Страница 13 из 179
Во время летних каникул в обоих господских домах, возвышавшихся над рекой, кипела жизнь. Между ними постоянно шло движение: дети сновали туда и обратно, из дома в дом. Дом поменьше притягивал их тем, что там находился большой зал для бильярда, служивший молодежи своего рода клубом. Здесь они собирались, строили планы на предстоящий день, играли в бильярд. Здесь все вместе искали укрытия во время летних гроз. Ночь они проводили в большом доме. Комнаты в малом отводились под спальни для наезжавших гостей. В Кокушкине Илья Николаевич размещался в кабинете тестя, сплошь уставленном книжными шкафами. Мария Александровна и ее сестра Анна, мать детей Веретенниковых, занимали угловую комнату. Владимир с двоюродным братом Николаем Веретенниковым жили в комнате рядом с кабинетом. Комнаты были просторные и выходили окнами в сад, на цветочные клумбы. Мария Александровна много сил отдавала саду, и немудрено, что цветы, произраставшие на ее клумбах, славились на всю округу.

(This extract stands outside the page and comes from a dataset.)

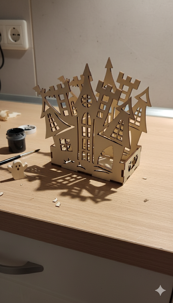 Design: Intricate laser-cut haunted house silhouette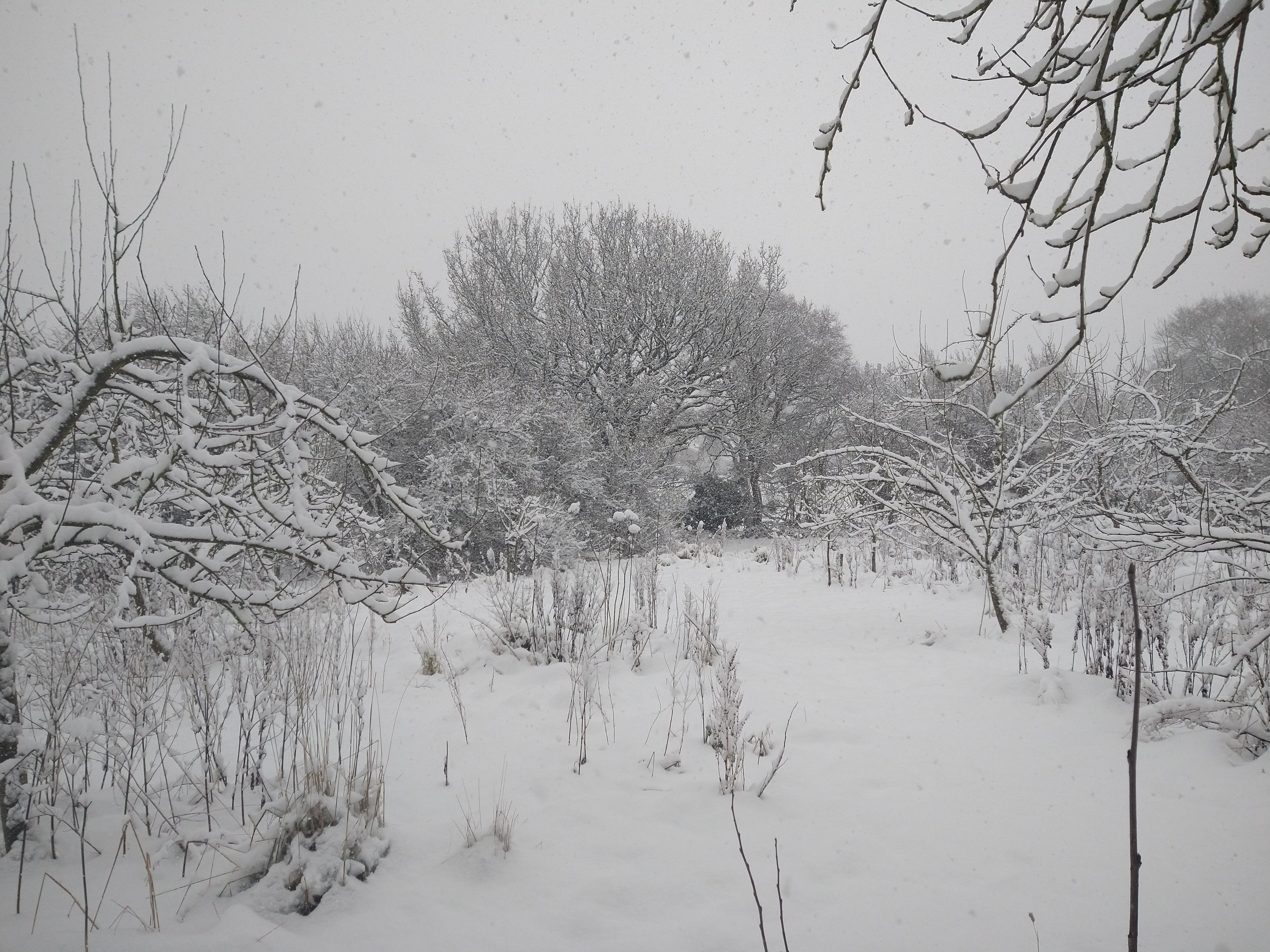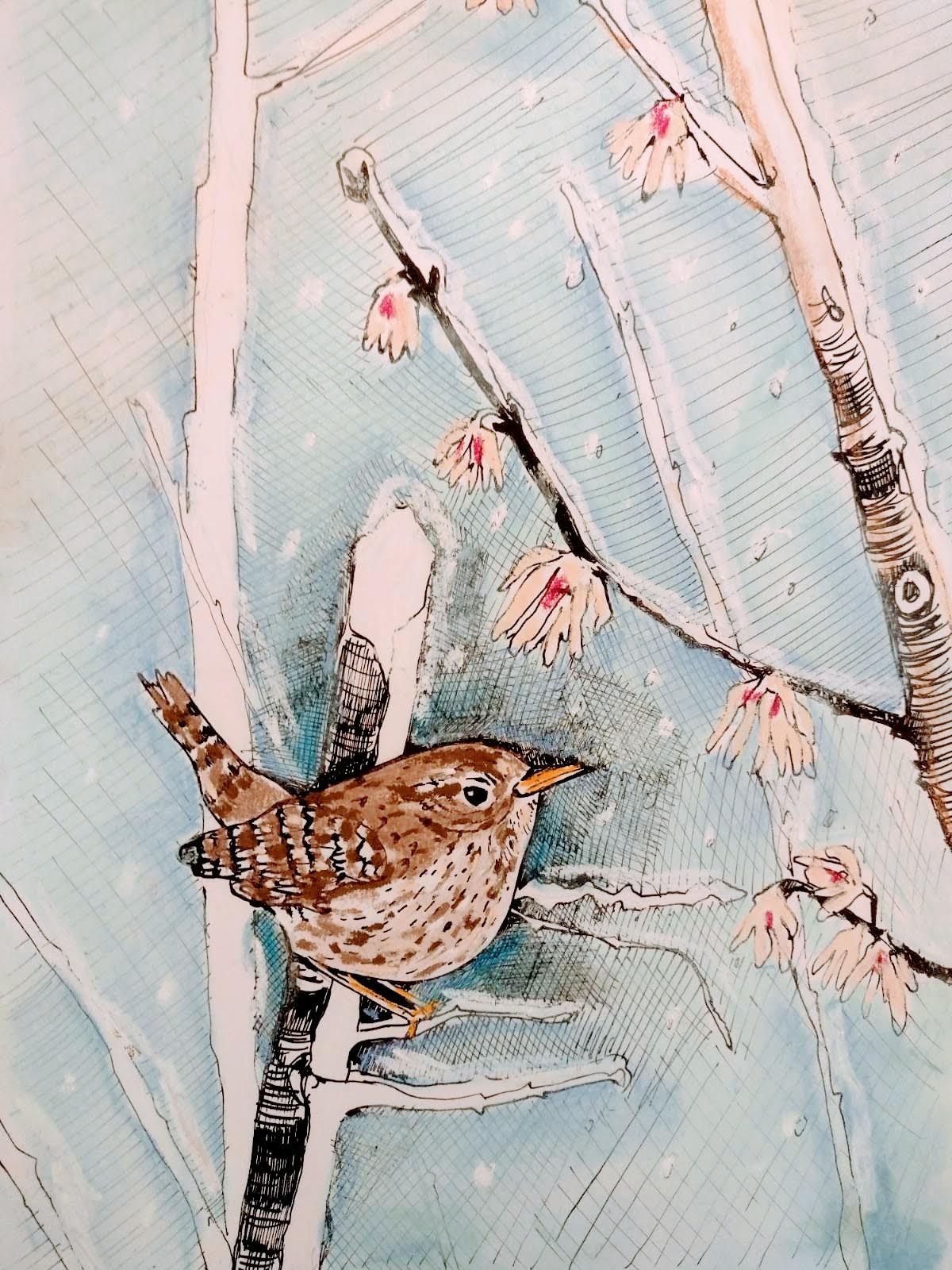 Under the glowering sky my boots heavy with mud sunk into the sodden ground, relentlessly battered by days of rain. It was now noticeably colder and a biting breeze cut through the air carrying with it a solitary snowflake that settled on my coat. Silence descended as the sky suddenly filled with a flurry of white, only to be broken by the sound of a rustling from the bare branches of a small bush. A little wren was sheltering from the cold, it’s outline almost indiscernible against the tangle of branches, picking through the leaf litter and soil searching for insects, essential sustenance for the harsh winter. Amongst the calm of this scene I watched a battle of life and death unfold, repeated endlessly in every corner of the garden. We both stopped, each trying to decipher the other, in an instant it was gone again flitting through the garden, a crossing of two worlds in a fleeting moment.

Владимир научился плавать в реке Ушне. Поначалу, когда он был еще маленький, он плескался на мелких местах, но в десять-одиннадцать лет мог уже переплывать на другой берег реки. Он научился прекрасно грести, и поэтому в доме никто не волновался, если он брал лодку и уплывал на весь день. В семье было три лодки — две небольшие, а третья побольше, как баркас. Летние достижения Владимира не ограничивались только тем, что он научился великолепно плавать и грести. Позже вспоминали, что он проявлял себя как непревзойденный грибник. В этом деле у него был настоящий талант. Грибов было множество, самых разных видов, и шляпки были всевозможных цветов: бронзовые, розоватые, белоснежные, зеленые, желтые, всякие. Тут росли маслята, до которых были большие охотники черные жуки; и подберезовики со шляпками шоколадного цвета. Владимир умел распознать любой гриб и считался крупным специалистом по части грибных мест; он примечал, какие грибы где любят расти. Уже в Горках, когда Ленин, удалясь от всех дел, доживал последний год своей жизни, рано состарившийся, сраженный болезнью мозга, он часто бродил по лесу, собирая грибы. Это было его любимое занятие.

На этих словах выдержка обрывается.